[digg-reddit-me]Jonathan Chait is damn near poetic in his frustration at the dogmatic refusal of the right wing or the Republican Party to address the coming fiscal crisis:
[T]he conservative movement’s quasi-religious fidelity to tax cuts made it unable to advance even its own ideological self-interest.
The upcoming fiscal summit is a good example. The basic shape of the deal is that, in order to bring revenues into line with spending, Democrats will accept some spending cuts and Republicans will accept some tax hikes. By reducing spending, this will decrease the size of government. I can see why liberals would object — they’re being asked to sacrifice the liberal goal of a more expansive government in order to achieve the non-ideological goal of preventing a fiscal meltdown. Conservatives ought to be ecstatic — they could achieve both an ideological goal (reducing the size of government by reducing spending) and a non-ideological goal (preventing the fiscal meltdown.) Tax hikes are not really a concession, since deficit spending that would occur without such a deal merely represents deferred taxation.
The conservative reaction has been to refuse to engage the premise altogether.
My only disagreement would be that it is not a liberal goal to create a more expansive government. Liberals do not want government for government’s sake. They are not in favor of adopting a state religion; they don’t want government intervening in people’s sex lives; they don’t want government enforcing christianist values; rather, liberals tend to see government as a necessary tool to address certain problems. Chait otherwise acknowledges this. But it ruins the nice construction he has created — because liberals actually could achieve one of their main goals through this deficit commission: They make government more sustainable, responsible, and effective.
The right wing has adopted a view that the government is the opposite of all these things — that it is not and cannot be sustainable, responsible, or effective; therefore to justify and prove their belief is true, they now oppose any attempts to make government sustainable, responsible, or effective. They are not Cassandras shouting about a coming catastrophe they claim to be; rather Republicans are rooting for a fiscal catastrophe and trying to do whatever they can to ensure this catastrophe occurs, in the hope that it will wipe out the programs they hate but lack the popular support or cojones to actually cut themselves.
[Image by NASA.]
One reply on “Rooting for a Fiscal Catastrophe (cont.)”

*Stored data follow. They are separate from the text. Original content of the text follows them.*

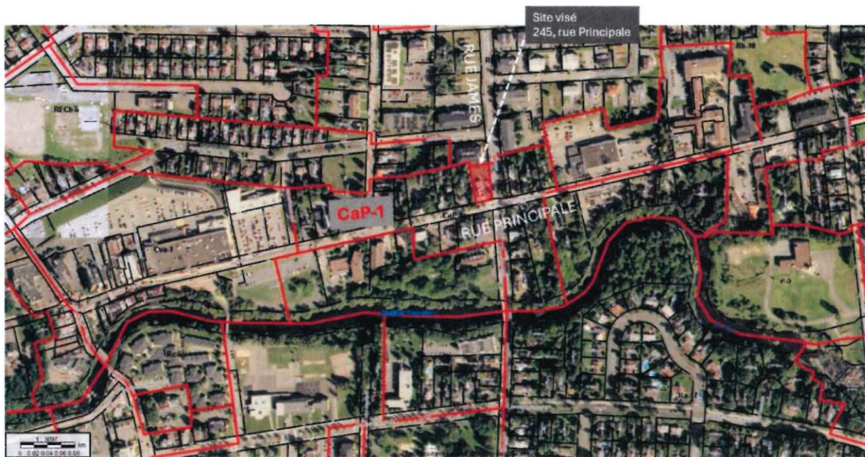
(Secteur du 245 rue Principale)

Ce projet de résolution contient des dispositions susceptibles d'approbation référendaire.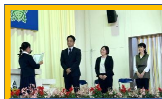
3人の先生方、愛情と花いっぱいの龍郷へようこそ!!

PTA主催の「歓迎会」を下記の日程で行います。詳細については、後日、集落放送でお知らせします。多くの皆様のご参加をお待ちしております。 【歓迎会】 日時：5月23日(土) (18:30~20:30) 場所：龍郷公民館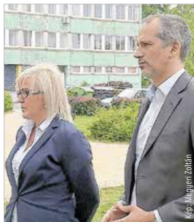
A baloldali képviselők sajtótájékoztatójukat a Gyümölcs utcai kollégium előtt tartották

Az üggyel kapcsolatban megke-restük a fenntartó képviseletét is, aki reakciójában elmondta, hogy csak a kollégiumok vezetéstechnikája kerül összevonásra. Török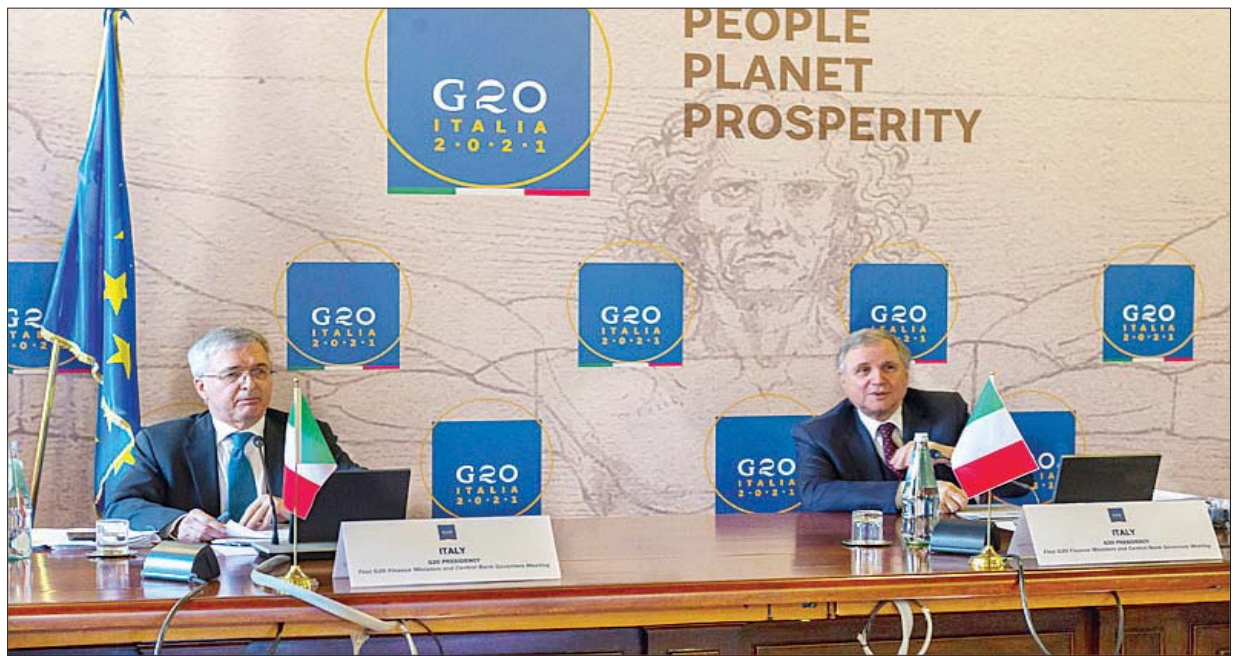
ဂျီ-၂၀ အစည်းအဝေးတွင် တက်ရောက်မည့် အီတလီနိုင်ငံမှ တာဝန်ရှိသူများကို တွေ့ရစဉ်။

လွန်ခဲ့တဲ့နှစ်က ဂျီ-၂၀ အဖွဲ့ဟာ ဆင်းရဲတဲ့နိုင်ငံတွေအတွက် အတိုးကြေးမြီကို ရပ်ဆိုင်းပေးခဲ့ပြီး အတိုးပေးရမယ့်နေ့ကို ၂၀၂၁ ခုနှစ် ဇွန်လ ၃၀ ရက်အထိ တိုးမြှင့်ပေးလိုက်ပါတယ်။ သို့သော်လည်း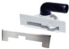
81009 Rikkaluukku, valkoinen 81034 Rikkaluukku, musta 80289 Rikkaluukun RST-etulevy Lakaise keittiön, eteisen tai tuulikaapin roskat suoraan luukusta keskusyksikön uumeiniin. Käynnistyy luukun avauksella.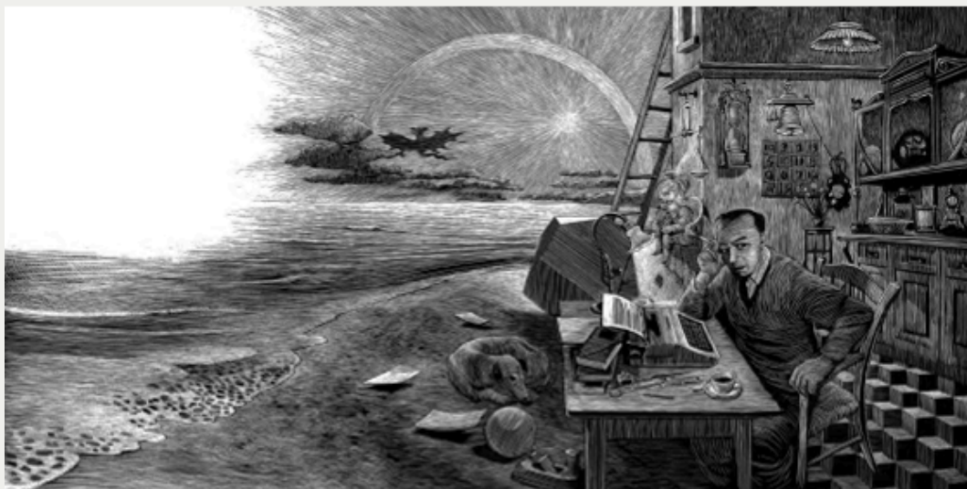
Illustrations de Hannes Binder tirées de «Fritz & Nanà», © 2023 Carthusia Edizioni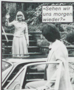
«Sehen wir uns morgen wieder?»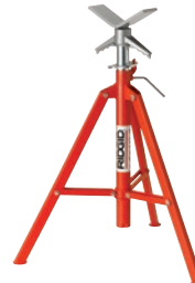
Опоры для труб с V-образными головками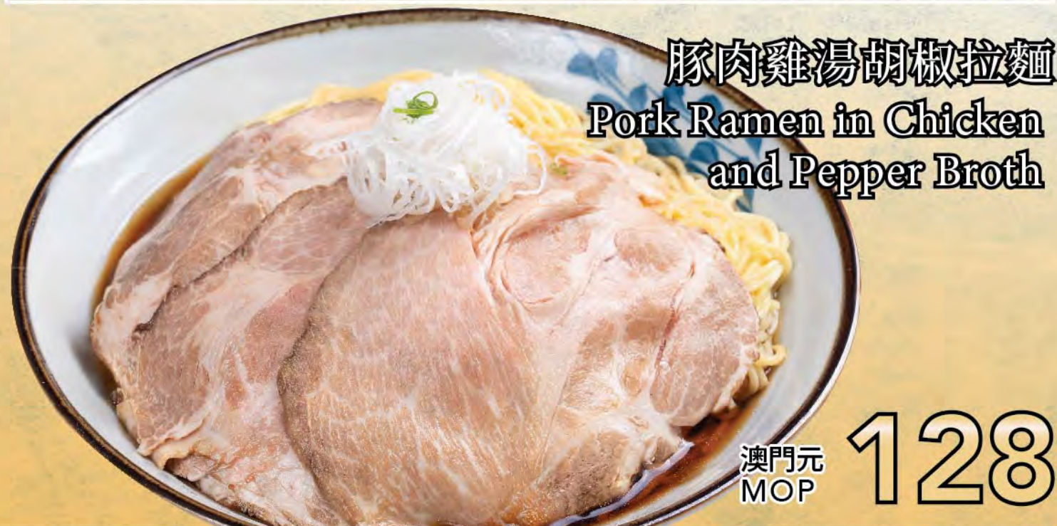
豚肉雞湯胡椒拉麵 Pork Ramen in Chicken and Pepper Broth 澳門元 MOP 128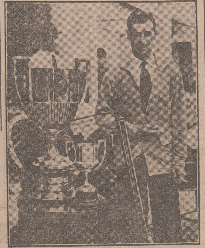
Una reciente fotografía del tirador español conde de Teba, que en Vichy ha ganado el Campeonato del Mundo de Tiro de Pichón con treinta y cuatro pájaros de treinta y cinco.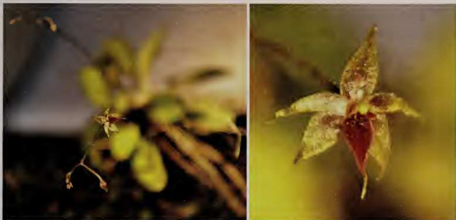
Fig. 1 : Platystele ovipositoglossa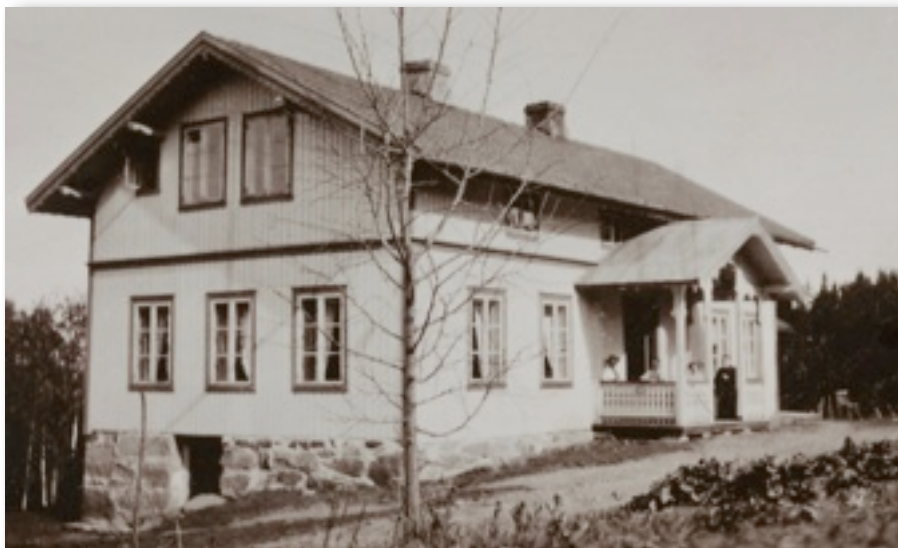
Østenstad skole (også kalt Østre skole ) fotografert før inngangspartiet brente og bygget ble revet. Deler av panelet ble snudd og brukt på nytt da gården ble bygd opp igjen i 1936.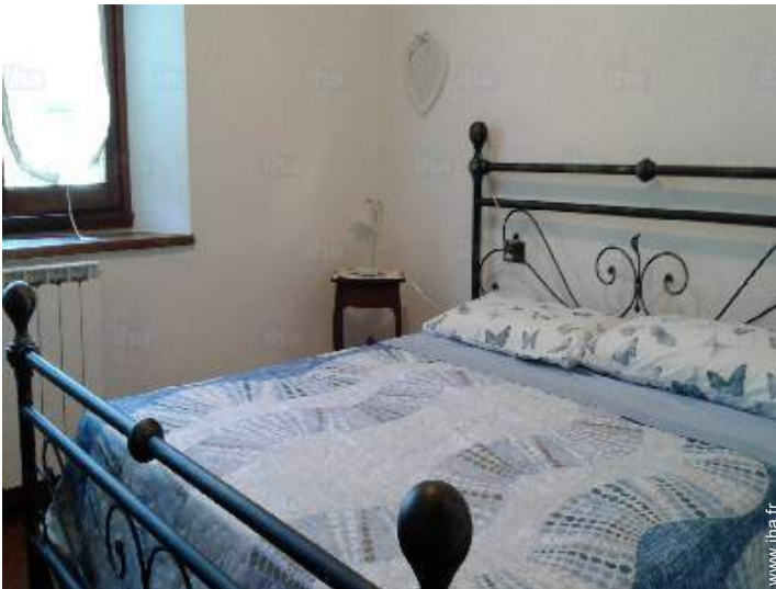
vue depuis la chambre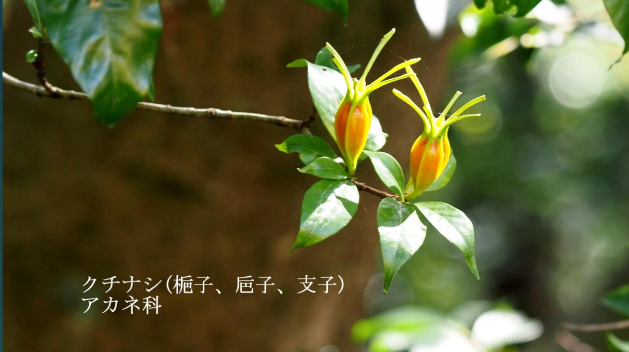
クチナシ(梔子、卮子、支子) アカネ科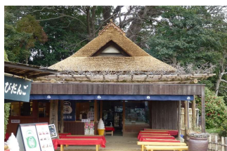
亭舎 福田屋 (後楽園)

It’s amazing how even conservatives who are obsessed with politics, who have strong opinions about everything, who treat every decision made in government as life or death, can go on believing that they are in favor of cutting government spending with such a vague notion of what they would actually cut. The conservative/libertarian I spend the most time arguing with even assured me that he would list what ideas he had for eliminating the deficit- breaking down the numbers precisely, only to later come up with a half-hearted list of proposals that would almost certainly leave us with a much larger deficit: (“Cut unemployment insurance”, “fine any doctor caught illegally over-billing Medicare or Medicaid”, “Review waste in the pentagon budget”, “Review the federal highway program”, “War surtax (under the stipulation that it must be a non-progressive tax”, “FairTax”, “Direct excess TARP funds to paying off deficit”, “Permanently lock-in Bush tax cuts (to improve the economy)”, “End the War on Drugs”, “Evaluate Medicare costs by changing how it is paid for and making people pay more money upfront”). I mean, it’s just insane. It’s just denial of reality.